One important difference between CC and CZ is their coumarin (1,2-benzopyrone) content [8]. The levels of coumarins in CC appear to be very high and pose health risks if consumed regularly in higher quantities. According to the German Federal Institute for Risk Assessment (BfR), 1 kg of CC (CC) powder contains approximately 2.1-4.4 g of coumarin, which means 1 teaspoon of CC powder would contain around 5.8-12.1 mg of coumarin [9]. This is above the Tolerable Daily Intake (TDI) for coumarin of 0.1mg/kg body weight/day recommended by the European Food Safety Authority (EFSA) [10]. The BfR in its report specifically states that CZ contains ‘hardly any’ coumarin [9]. Coumarins are secondary phyto-chemicals with strong anticoagulant, carcinogenic and hepato-toxic properties [10]. The underlying mechanisms for the coumarin-related toxic effects are yet to be completely elucidated [10]. Due to the high concentrations in CC (compared with other foods), despite the relatively low amounts of the consumption of spices, studies have shown than coumarin exposure from food consumption is mainly due to CC [10]. The EFSA advocates against the regular, long term use of CC as a supplement due to its coumarin content [11]. In addition, according to currently available evidence coumarin does not seem to play a direct role in the observed biological effects of CC. Hence, although CC has also shown many beneficial medicinal properties, its’ coumarin content is likely to be an obstacle against regular use as a pharmaceutical agent, unlike in the case of CZ.

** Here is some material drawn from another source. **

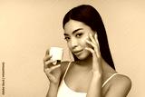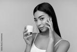Young Asian woman with clean radiant skin uses a moisturizing face cream on a beige background. Spa care, facial skin care, beauty cosmetology.

In-vitro and in-vivo studies in animals and humans from different parts of the world have demonstrated numerous beneficial health effects of CZ, such as anti-inflammatory properties, anti-microbial activity, reducing cardiovascular disease, boosting cognitive function and reducing risk of colonic cancer [12]. This paper aims to systematically review the scientific literature and provide a comprehensive summary on the potential medicinal benefits of ‘True Cinnamon’ (Cinnamomum zeylanicum). We also aim to provide a scientific guide to researchers on the potential areas for future research based on the positive findings obtained thus far from studies conducted by various research teams from around the world.

Methods

A systematic review of published studies reporting the medicinal effects of CZ was undertaken in accordance with the PRISMA (Preferred Reporting Items for Systematic reviews and Meta-Analyses) statement guidelines (Additional file 2) [13]. A comprehensive search of the literature was conducted in the following databases; PubMed® (U.S. National Library of Medicine, USA), Web of Science® [v.5.3] (Thomson Reuters, USA), SciVerse Scopus® (Elsevier Properties S.A, USA) for studies published before 31st December 2012. We used the following medical subject headings and keywords: “Cinnamomum zeylanicum”, “Ceylon cinnamon”, “True cinnamon” and “Sri Lankan cinnamon”. Results were limited to studies in English, while conference proceedings and commentaries were excluded.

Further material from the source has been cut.